Шрифт:
Интервал:
Закладка:
– Был царь-от Грозный, дядько тебе, сырой человечиной питался. Кровь пиял. И ты такожде? – раздался вдруг за спиной Аввакума скрипучий голос. Это неотступный юрод притулился сзади. – Аль скусна мертвечина, неключимый ты пастырь?

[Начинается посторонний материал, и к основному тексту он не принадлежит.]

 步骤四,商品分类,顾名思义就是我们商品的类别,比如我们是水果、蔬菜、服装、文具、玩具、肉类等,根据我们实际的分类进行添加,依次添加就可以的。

Алексей Михайлович вздрогнул, шея забурела, воротник однорядки показался тесным. Царь скосил взгляд – все тот же юрод, недавно прибредший на Москву, притеснял и неволил государя. Откуда взялся, точит и точит, как клещ коросту… Не стану я с тобой котораться. Много вас развелось нынче, чумных да проказных. Носите по Руси струпья да гной душевный, поливаете добрые всходы паршой да возгрями… Чьи вы будете, коли Божьему наместнику в учителя моститесь? Обавники и чародеи, пользуетесь теснотами и неустроем. Ну, погоди-тка, дайте срок. Вычиню и на вас управу, чтоб не клепали на православных, не сводили с ума…
Бояре всполошились. Экую напраслину возводит нищеброд, кому запонравится? Схватить бы за грудки да выкинуть из Божьего храма, но как-то государю втемяшится? Аввакум незаметно отпехивал Феодора кулаком, заведенным за спину, но на юрода уже стихия нашла. Тут все громы разразитесь над его головою. Божья гроза прокатись – да и та, пожалуй, не устрашит.

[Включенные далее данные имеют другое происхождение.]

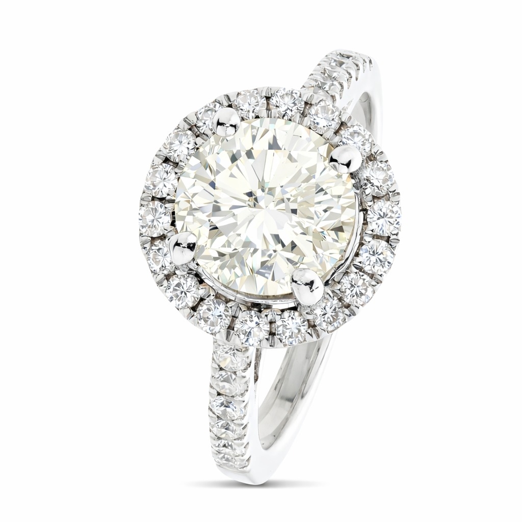 The centrepiece diamond, with a clarity grade of SI2 and a colour grade of K, exudes a unique warmth and character, making it a standout feature of this exquisite ring. Surrounding it, the shimmering halo of diamonds, coupled with the brilliance of the shoulder diamonds, each with a clarity range of VS2 to SI1 and a colour range of H to I, adds depth and dimension to its timeless beauty. Crafted from 18ct white gold and weighing 4.69 grams, this ring epitomises luxury and refinement, promising durability and enduring elegance. At £30,000.00, it is a wise investment, reflecting the exceptional quality and craftsmanship embodied in its design.

– Чего задумал? Русь на кобылу посадил задом наперед. Кто так ездит? Еретники за хозяев, а хозяева за порогом, как милостынщики. Государь, опомнись! Вот как помрешь, восплачут не от горя, но от радости!
Тут с амвона архидиакон Феодосий возгласил государю и всему его семейству многая лета. Алексей Михайлович суеверно вздрогнул и уже новым тайным взглядом, избочась, высмотрел блаженного: тонкие засаленные волосы колтунов, мрелый белесый взгляд с жидкой голубизною на дне, козлиная седая бородка, и ссохшиеся плоские щеки, и узкая воробьиная грудь, сдавленная несносимыми веригами… Но откуда же сила-то берется? мне бы хоть со щепотку ее, Господи! На дыбу его, што ли? да спытать, чей и откуда. Так ведь и сам чернец той дыбе рад. Эких спесивых и закоснелых в своей гордыне людей носит земля. Совсем испроказились. И Аввакум тому зачинщик… И шептунам-то весело, за спиной колоколят: де, вот явился на Русь новый Василий Блаженный, что царя немилостивого принародно струнит; а иные и осудят: де, заселил царь по Москве распустиху, а теперь и сладь с нею.

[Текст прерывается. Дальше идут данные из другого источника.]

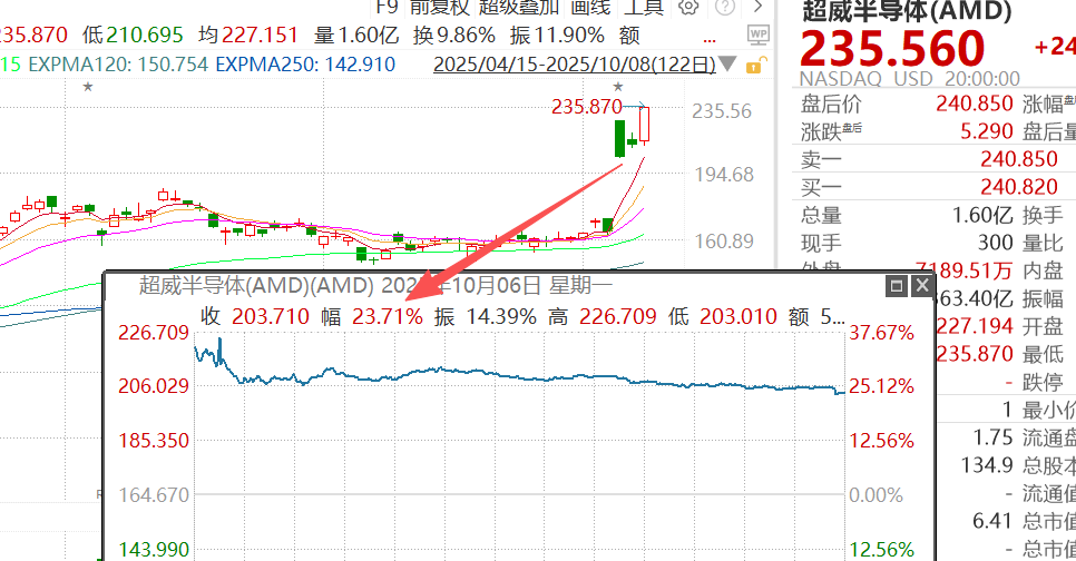 原文引用: 2025年10月6日,AMD与OpenAI宣布达成部署6吉瓦GPU的战略合作。“AMD +5%,在OAI(OpenAI)新闻后有很好的跟进... Chiplet战略... 理论上会比NVDA的单片式设计有更快的迭代速度和更好的晶圆利用率。”
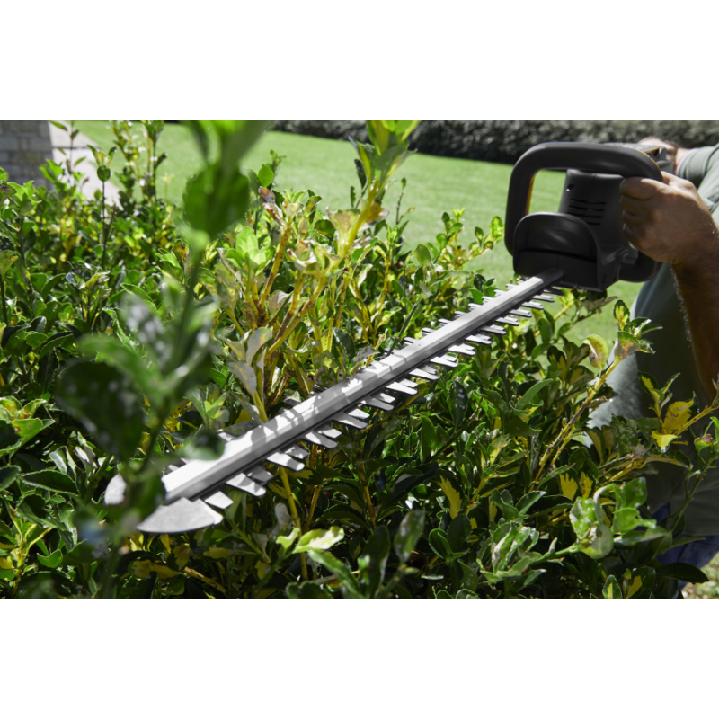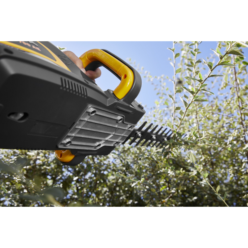 Dzięki dwufunkcyjnej synchronizowanej przekładni, która zasila dwa ostrza z prędkością 3500 obr./min, elektryczne nożyce do żywopłotu SHT 700 umożliwiają długotrwałe cięcie na jednym ładowaniu.

«Царь-государь, вели на встряску его!»
Это окольничий Родион Стрешнев испытует, как царь себя поведет. Отправь блаженного на встряску, какой ропот пойдет и пересуд по престольной: де, царь вовсе от веры досюльной отступил и святых нынче не милует.
«Он же тебя не чтит и людей дражнит. Чрез них, бродячих черноризцев, вся голка на Москве. Доколь мутить будут?»
Настаивает Стрешнев; он свояк царю, мать Алексея Михайловича из их рода, вот и полюбил в советчиках ходить. И Никона съел, отрубил правую руку государеву; где нынче верного слова сыскать, чтоб без подвоха и лести?
Но каменно, непроницаемо лицо государя, он весь в службе, он почасту и низко кланяется. Царь – наместник самого Бога на земле, он не казнит, но милует. Он для народа милостивец. Вот и рассуди по правде, чтоб всякого ублагостить; ежли огрубишься с юродом, то будешь каженик; ежли простишь, то станешь потворщиком… Взглянул в утиное лицо окольничьего, в его взморщенный лоб с низко надвинутым мыском плеши и шепнул в самое ухо, чтоб и ближние бояре не слыхали: «Сведи пока в Чудов, чтоб юродством не шаловал».
Феодор учуял приказ, хотел в исступленье войти, чтоб на всю церковь возвестить, как неправедно мучает царь христовеньких, но Аввакум упредил: «Не ерестись, отче. Не из всякой муки хлебы, не из всякой муки заветные меда».
Опомнился юрод и, припертый с боков двумя стольниками, послушно поплелся из церкви и даже верижные цепи, будто кошулю, подобрал в связку, чтобы понапрасну не звенели в храме, не тревожили прихожан.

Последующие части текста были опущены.